В среде футуристов-писателей и художников я считался не то чтобы чужаком, но "диким": колеблющимся и непосвященным.
Так обо мне думали, должно быть, потому, что я не ввязывался в споры и одинаково не принимал ни "темно-серую" литературу Шеллеров-Михайловых, ни "сиропные" стишки Ратгаузов, ни заумные "смыки" и "мыки".
Спорил я только с постоянным посетителем дома Зданевичей поэтом Николаем Чернявским. Он был влюблен в Грузию и потому звал себя не Николаем, а по-грузински - Колау.
Стихи он писал таким способом, что без чертежа почти невозможно было объяснить этот способ. В общем, он сначала писал основной текст стихотворения, даже довольно понятный. Но путем типографских ухищрений и игры шрифтов одно и то же стихотворение превращалось в три.
Достигалось это тем, что стихи печатались вместе, но тремя размерами шрифтов. Если вы читали только слова, набранные самым крупным шрифтом, не обращая внимания на слова, напечатанные средним или мелким шрифтом, то получался один текст.
Если же вы читали слова, набранные средним шрифтом, пропуская все остальные шрифты, то получался второй, совершенно самостоятельный текст стихотворения.
Если же вы читали самый мелкий шрифт (предположим, петит или нонпарель), то получался третий, неожиданный текст.
Этому головоломному и вгонявшему в отчаяние занятию Колау Чернявский отдавал почти все свое время.
Чтобы довести писание стихов этим способом (такие стихи назывались симфоническими) до возможного совершенства, надо было знать все шрифты и типографское дело. И Чернявский знал его блестяще.
Вообще познания Чернявского в любой области были поразительными, суждения - резкими и нетерпимыми, а, преданность всем "левейшим" течениям в искусстве безграничной.
Он мог в проливной дождь позвонить среди ночи у дверей Зданевичей, разбудить Кирилла и прочесть ему последние, дошедшие с севера стихи Хлебникова. При этом просыпалась, конечно, вся квартира, даже старин Зданевич. В силу семейных традиций старик горячо поддерживал все самое "левое" в искусстве.
Чернявский - человек совершенно одинокий - почти все дни напролет проводил у Зданевичей. Он непрерывно что-то рассказывал, доказывал, возмущался и восхищался. Его постоянными слушательницами были Валентина Кирилловна и Мария. Они не только терпели, но и любили и жалели Чернявского. У него изредка бывали припадки эпилепсии. В этих случаях звали на помощь меня.

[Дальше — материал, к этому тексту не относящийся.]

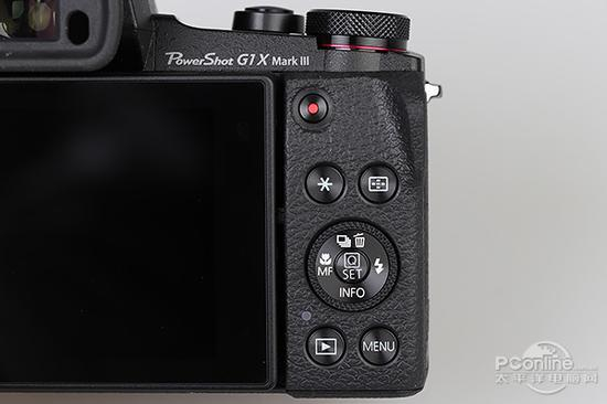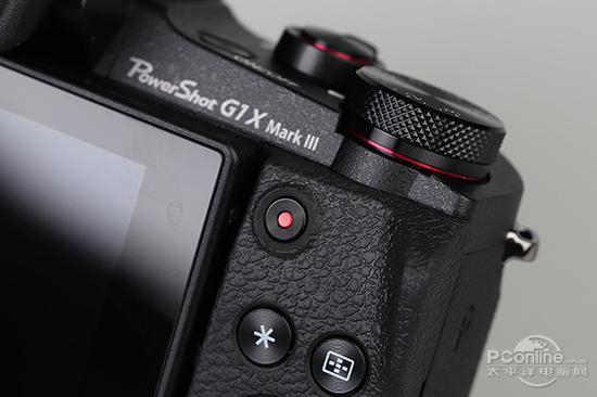 “PowerShot G1 X Mark III”的标志,被转移到基本上方右侧的位置。相较于以前置于顶部的来说,我个人觉得好看了很多,也顺眼了很多。整体按键设置都很齐整,按键力度反馈适中,机身虽小,但按键手感还是不错的。
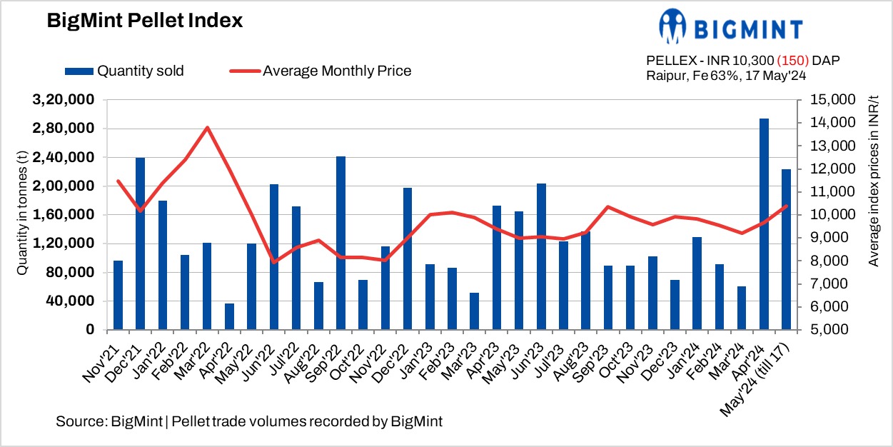 BigMint’s bi-weekly domestic pellet (Fe 63%) index fell by INR 150/tonnes (t) ($2/t) to INR 10,300/t ($123/t) DAP Raipur on 17 May,2024 compared to the last assessment on 14 May. Raipur sponge and steelmakers booked around 10,000 t of pellets (Fe 62.5+/-0.5%) at around INR 10,000/t DAP Raipur in this publishing window.
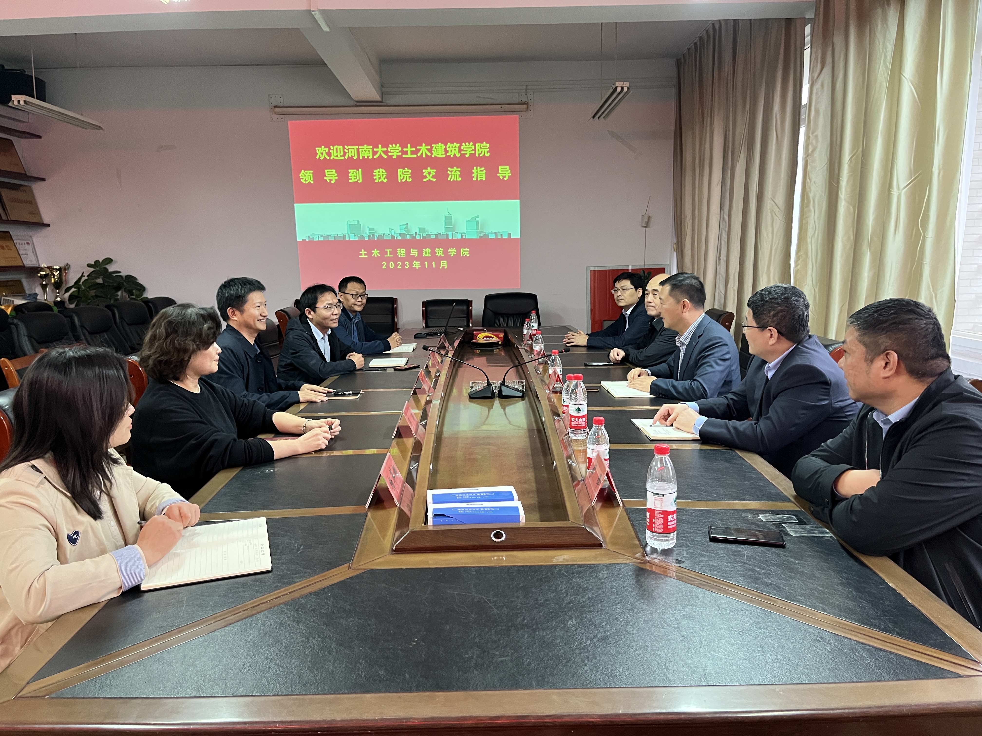 汤沛首先对河南大学土木建筑学院领导班子一行表示热烈欢迎,并介绍了我校土建betway西汉姆联官网及班子成员。潘林详细介绍了土建学院在学科建设、人才培养、科学研究、课程思政、师资建设等方面的主要做法和取得的成绩。
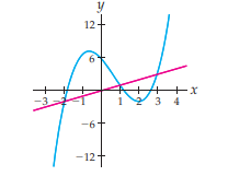 Shade in the regions between the two functions shown here on the intervals (a) ; (b) and (c). Which of these regions has the largest area? The smallest?
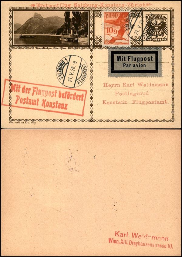 1928 (21 maggio) - Salzburg Kostanz - aerogramma del volo
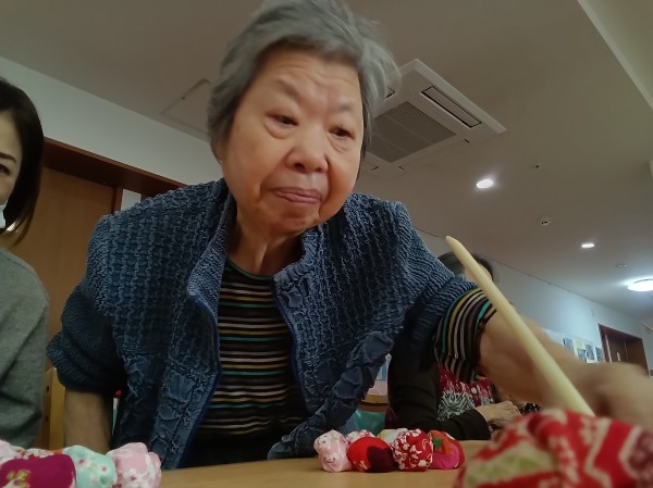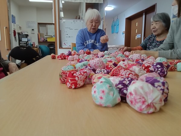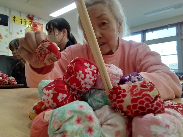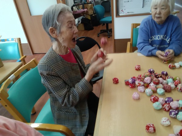 昔は五つ位は出来たのにー。や、小さいからやりにくい…などと言いながらも、皆さん上手にお手玉をされていました(*^-^*)

Чернявский был удивительным разговорщиком. Ему было совершенно все равно, чем занимается его собеседник, лишь бы он его слушал. Когда Мария прибирала комнаты, он ходил следом за ней, натыкаясь на мебель, и не переставал говорить. Или торчал на кухне, когда Валентина Кирилловна готовила свой знаменитый плов, и, внезапно прерывая поток речей о живописи или грузинском правописании, давал ей ценные кулинарные советы.
Изредка Валентина Кирилловна и Мария силой вталкивали Чернявского ко мне в комнату и запирали за ним дверь на ключ. Это Чернявского не смущало, и он с полным самозабвением обрушивался на меня.
Вообще же он был очень незлобивым и беспомощным человеком. Его обманывали и обижали на каждом шагу. В этих случаях его единственными защитниками были Зданевичи.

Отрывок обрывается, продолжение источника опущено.